(Work to complete): Exact repetition of every entry is required.
===
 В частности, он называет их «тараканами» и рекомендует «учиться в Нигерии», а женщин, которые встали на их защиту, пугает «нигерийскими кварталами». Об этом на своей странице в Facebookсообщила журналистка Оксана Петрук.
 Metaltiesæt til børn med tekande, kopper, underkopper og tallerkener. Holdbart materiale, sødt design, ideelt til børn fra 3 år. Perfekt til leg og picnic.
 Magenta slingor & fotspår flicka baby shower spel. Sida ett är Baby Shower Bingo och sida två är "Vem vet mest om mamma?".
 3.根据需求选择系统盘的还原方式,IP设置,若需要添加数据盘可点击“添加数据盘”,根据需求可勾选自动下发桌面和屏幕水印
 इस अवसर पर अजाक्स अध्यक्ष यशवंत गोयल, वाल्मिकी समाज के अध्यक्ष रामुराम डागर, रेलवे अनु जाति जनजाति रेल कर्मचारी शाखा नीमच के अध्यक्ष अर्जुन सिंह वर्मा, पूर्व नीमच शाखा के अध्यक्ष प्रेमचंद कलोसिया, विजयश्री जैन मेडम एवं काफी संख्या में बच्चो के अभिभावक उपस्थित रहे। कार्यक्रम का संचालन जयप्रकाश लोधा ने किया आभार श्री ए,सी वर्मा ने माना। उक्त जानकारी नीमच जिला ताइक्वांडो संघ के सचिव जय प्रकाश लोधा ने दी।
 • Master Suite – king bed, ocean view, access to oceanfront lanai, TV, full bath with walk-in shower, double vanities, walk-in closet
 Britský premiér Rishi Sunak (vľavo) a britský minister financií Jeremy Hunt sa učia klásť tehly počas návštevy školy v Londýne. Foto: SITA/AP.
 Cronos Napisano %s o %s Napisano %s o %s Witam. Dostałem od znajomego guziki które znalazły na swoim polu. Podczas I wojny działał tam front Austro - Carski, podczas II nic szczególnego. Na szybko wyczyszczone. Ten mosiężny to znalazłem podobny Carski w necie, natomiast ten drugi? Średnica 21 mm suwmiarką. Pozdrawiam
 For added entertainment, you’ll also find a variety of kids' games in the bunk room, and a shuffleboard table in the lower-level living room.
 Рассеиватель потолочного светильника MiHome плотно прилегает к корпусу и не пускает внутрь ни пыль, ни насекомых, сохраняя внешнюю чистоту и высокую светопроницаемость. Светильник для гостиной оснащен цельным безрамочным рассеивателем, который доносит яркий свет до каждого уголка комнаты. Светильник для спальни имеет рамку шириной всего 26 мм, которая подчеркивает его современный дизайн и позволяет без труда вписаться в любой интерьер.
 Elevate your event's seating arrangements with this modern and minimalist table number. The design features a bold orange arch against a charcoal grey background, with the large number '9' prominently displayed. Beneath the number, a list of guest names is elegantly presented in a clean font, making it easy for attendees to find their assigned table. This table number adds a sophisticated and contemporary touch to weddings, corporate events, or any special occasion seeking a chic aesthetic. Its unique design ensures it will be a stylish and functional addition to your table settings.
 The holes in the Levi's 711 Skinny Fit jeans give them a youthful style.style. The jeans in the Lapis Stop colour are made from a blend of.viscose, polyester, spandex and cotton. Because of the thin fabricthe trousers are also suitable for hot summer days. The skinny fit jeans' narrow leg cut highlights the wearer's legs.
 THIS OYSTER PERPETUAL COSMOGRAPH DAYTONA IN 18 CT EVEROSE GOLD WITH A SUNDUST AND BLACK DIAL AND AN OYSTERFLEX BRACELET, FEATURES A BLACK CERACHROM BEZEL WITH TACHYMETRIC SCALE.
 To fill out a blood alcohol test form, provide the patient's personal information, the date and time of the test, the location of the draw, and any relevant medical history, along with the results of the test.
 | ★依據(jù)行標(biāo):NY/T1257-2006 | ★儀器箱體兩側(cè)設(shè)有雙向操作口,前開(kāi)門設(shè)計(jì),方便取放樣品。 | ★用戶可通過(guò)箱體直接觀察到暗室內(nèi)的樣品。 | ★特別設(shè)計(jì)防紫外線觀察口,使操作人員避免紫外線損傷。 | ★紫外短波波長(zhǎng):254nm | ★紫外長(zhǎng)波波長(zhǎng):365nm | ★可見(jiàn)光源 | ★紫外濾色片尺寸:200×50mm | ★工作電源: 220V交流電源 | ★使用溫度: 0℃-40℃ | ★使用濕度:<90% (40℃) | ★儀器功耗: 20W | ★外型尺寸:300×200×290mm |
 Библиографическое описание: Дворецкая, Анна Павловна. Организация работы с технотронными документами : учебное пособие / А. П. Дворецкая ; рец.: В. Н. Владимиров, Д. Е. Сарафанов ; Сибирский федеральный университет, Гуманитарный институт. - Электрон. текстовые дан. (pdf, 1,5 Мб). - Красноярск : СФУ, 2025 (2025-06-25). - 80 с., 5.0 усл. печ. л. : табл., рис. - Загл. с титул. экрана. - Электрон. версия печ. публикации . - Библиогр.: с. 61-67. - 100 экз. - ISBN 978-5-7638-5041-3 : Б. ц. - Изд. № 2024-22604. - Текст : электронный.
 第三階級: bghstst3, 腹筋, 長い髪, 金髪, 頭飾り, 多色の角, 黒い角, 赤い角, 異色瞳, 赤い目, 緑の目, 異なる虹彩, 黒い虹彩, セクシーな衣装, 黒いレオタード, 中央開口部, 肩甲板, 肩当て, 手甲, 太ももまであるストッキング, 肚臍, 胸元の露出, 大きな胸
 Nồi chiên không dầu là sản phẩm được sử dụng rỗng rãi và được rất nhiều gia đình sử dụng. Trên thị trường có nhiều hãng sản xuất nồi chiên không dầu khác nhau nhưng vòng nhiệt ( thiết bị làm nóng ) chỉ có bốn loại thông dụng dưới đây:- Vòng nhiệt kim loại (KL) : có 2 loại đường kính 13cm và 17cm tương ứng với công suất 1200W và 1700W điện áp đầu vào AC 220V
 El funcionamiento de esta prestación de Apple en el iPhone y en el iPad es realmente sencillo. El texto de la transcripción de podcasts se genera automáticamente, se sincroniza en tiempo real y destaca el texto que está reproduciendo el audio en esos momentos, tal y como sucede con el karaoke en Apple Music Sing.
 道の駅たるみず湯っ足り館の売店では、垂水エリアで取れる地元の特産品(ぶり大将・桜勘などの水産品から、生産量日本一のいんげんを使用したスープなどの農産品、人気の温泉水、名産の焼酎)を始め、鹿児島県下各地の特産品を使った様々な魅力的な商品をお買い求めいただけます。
===
(Written solution):
 В частности, он называет их «тараканами» и рекомендует «учиться в Нигерии», а женщин, которые встали на их защиту, пугает «нигерийскими кварталами». Об этом на своей странице в Facebookсообщила журналистка Оксана Петрук.
 Metaltiesæt til børn med tekande, kopper, underkopper og tallerkener. Holdbart materiale, sødt design, ideelt til børn fra 3 år. Perfekt til leg og picnic.
 Magenta slingor & fotspår flicka baby shower spel. Sida ett är Baby Shower Bingo och sida två är "Vem vet mest om mamma?".
 3.根据需求选择系统盘的还原方式,IP设置,若需要添加数据盘可点击“添加数据盘”,根据需求可勾选自动下发桌面和屏幕水印
 इस अवसर पर अजाक्स अध्यक्ष यशवंत गोयल, वाल्मिकी समाज के अध्यक्ष रामुराम डागर, रेलवे अनु जाति जनजाति रेल कर्मचारी शाखा नीमच के अध्यक्ष अर्जुन सिंह वर्मा, पूर्व नीमच शाखा के अध्यक्ष प्रेमचंद कलोसिया, विजयश्री जैन मेडम एवं काफी संख्या में बच्चो के अभिभावक उपस्थित रहे। कार्यक्रम का संचालन जयप्रकाश लोधा ने किया आभार श्री ए,सी वर्मा ने माना। उक्त जानकारी नीमच जिला ताइक्वांडो संघ के सचिव जय प्रकाश लोधा ने दी।
 • Master Suite – king bed, ocean view, access to oceanfront lanai, TV, full bath with walk-in shower, double vanities, walk-in closet
 Britský premiér Rishi Sunak (vľavo) a britský minister financií Jeremy Hunt sa učia klásť tehly počas návštevy školy v Londýne. Foto: SITA/AP.
 Cronos Napisano %s o %s Napisano %s o %s Witam. Dostałem od znajomego guziki które znalazły na swoim polu. Podczas I wojny działał tam front Austro - Carski, podczas II nic szczególnego. Na szybko wyczyszczone. Ten mosiężny to znalazłem podobny Carski w necie, natomiast ten drugi? Średnica 21 mm suwmiarką. Pozdrawiam
 For added entertainment, you’ll also find a variety of kids' games in the bunk room, and a shuffleboard table in the lower-level living room.
 Рассеиватель потолочного светильника MiHome плотно прилегает к корпусу и не пускает внутрь ни пыль, ни насекомых, сохраняя внешнюю чистоту и высокую светопроницаемость. Светильник для гостиной оснащен цельным безрамочным рассеивателем, который доносит яркий свет до каждого уголка комнаты. Светильник для спальни имеет рамку шириной всего 26 мм, которая подчеркивает его современный дизайн и позволяет без труда вписаться в любой интерьер.
 Elevate your event's seating arrangements with this modern and minimalist table number. The design features a bold orange arch against a charcoal grey background, with the large number '9' prominently displayed. Beneath the number, a list of guest names is elegantly presented in a clean font, making it easy for attendees to find their assigned table. This table number adds a sophisticated and contemporary touch to weddings, corporate events, or any special occasion seeking a chic aesthetic. Its unique design ensures it will be a stylish and functional addition to your table settings.
 The holes in the Levi's 711 Skinny Fit jeans give them a youthful style.style. The jeans in the Lapis Stop colour are made from a blend of.viscose, polyester, spandex and cotton. Because of the thin fabricthe trousers are also suitable for hot summer days. The skinny fit jeans' narrow leg cut highlights the wearer's legs.
 THIS OYSTER PERPETUAL COSMOGRAPH DAYTONA IN 18 CT EVEROSE GOLD WITH A SUNDUST AND BLACK DIAL AND AN OYSTERFLEX BRACELET, FEATURES A BLACK CERACHROM BEZEL WITH TACHYMETRIC SCALE.
 To fill out a blood alcohol test form, provide the patient's personal information, the date and time of the test, the location of the draw, and any relevant medical history, along with the results of the test.
 | ★依據(jù)行標(biāo):NY/T1257-2006 | ★儀器箱體兩側(cè)設(shè)有雙向操作口,前開(kāi)門設(shè)計(jì),方便取放樣品。 | ★用戶可通過(guò)箱體直接觀察到暗室內(nèi)的樣品。 | ★特別設(shè)計(jì)防紫外線觀察口,使操作人員避免紫外線損傷。 | ★紫外短波波長(zhǎng):254nm | ★紫外長(zhǎng)波波長(zhǎng):365nm | ★可見(jiàn)光源 | ★紫外濾色片尺寸:200×50mm | ★工作電源: 220V交流電源 | ★使用溫度: 0℃-40℃ | ★使用濕度:<90% (40℃) | ★儀器功耗: 20W | ★外型尺寸:300×200×290mm |
 Библиографическое описание: Дворецкая, Анна Павловна. Организация работы с технотронными документами : учебное пособие / А. П. Дворецкая ; рец.: В. Н. Владимиров, Д. Е. Сарафанов ; Сибирский федеральный университет, Гуманитарный институт. - Электрон. текстовые дан. (pdf, 1,5 Мб). - Красноярск : СФУ, 2025 (2025-06-25). - 80 с., 5.0 усл. печ. л. : табл., рис. - Загл. с титул. экрана. - Электрон. версия печ. публикации . - Библиогр.: с. 61-67. - 100 экз. - ISBN 978-5-7638-5041-3 : Б. ц. - Изд. № 2024-22604. - Текст : электронный.
 第三階級: bghstst3, 腹筋, 長い髪, 金髪, 頭飾り, 多色の角, 黒い角, 赤い角, 異色瞳, 赤い目, 緑の目, 異なる虹彩, 黒い虹彩, セクシーな衣装, 黒いレオタード, 中央開口部, 肩甲板, 肩当て, 手甲, 太ももまであるストッキング, 肚臍, 胸元の露出, 大きな胸
 Nồi chiên không dầu là sản phẩm được sử dụng rỗng rãi và được rất nhiều gia đình sử dụng. Trên thị trường có nhiều hãng sản xuất nồi chiên không dầu khác nhau nhưng vòng nhiệt ( thiết bị làm nóng ) chỉ có bốn loại thông dụng dưới đây:- Vòng nhiệt kim loại (KL) : có 2 loại đường kính 13cm và 17cm tương ứng với công suất 1200W và 1700W điện áp đầu vào AC 220V
 El funcionamiento de esta prestación de Apple en el iPhone y en el iPad es realmente sencillo. El texto de la transcripción de podcasts se genera automáticamente, se sincroniza en tiempo real y destaca el texto que está reproduciendo el audio en esos momentos, tal y como sucede con el karaoke en Apple Music Sing.
 道の駅たるみず湯っ足り館の売店では、垂水エリアで取れる地元の特産品(ぶり大将・桜勘などの水産品から、生産量日本一のいんげんを使用したスープなどの農産品、人気の温泉水、名産の焼酎)を始め、鹿児島県下各地の特産品を使った様々な魅力的な商品をお買い求めいただけます。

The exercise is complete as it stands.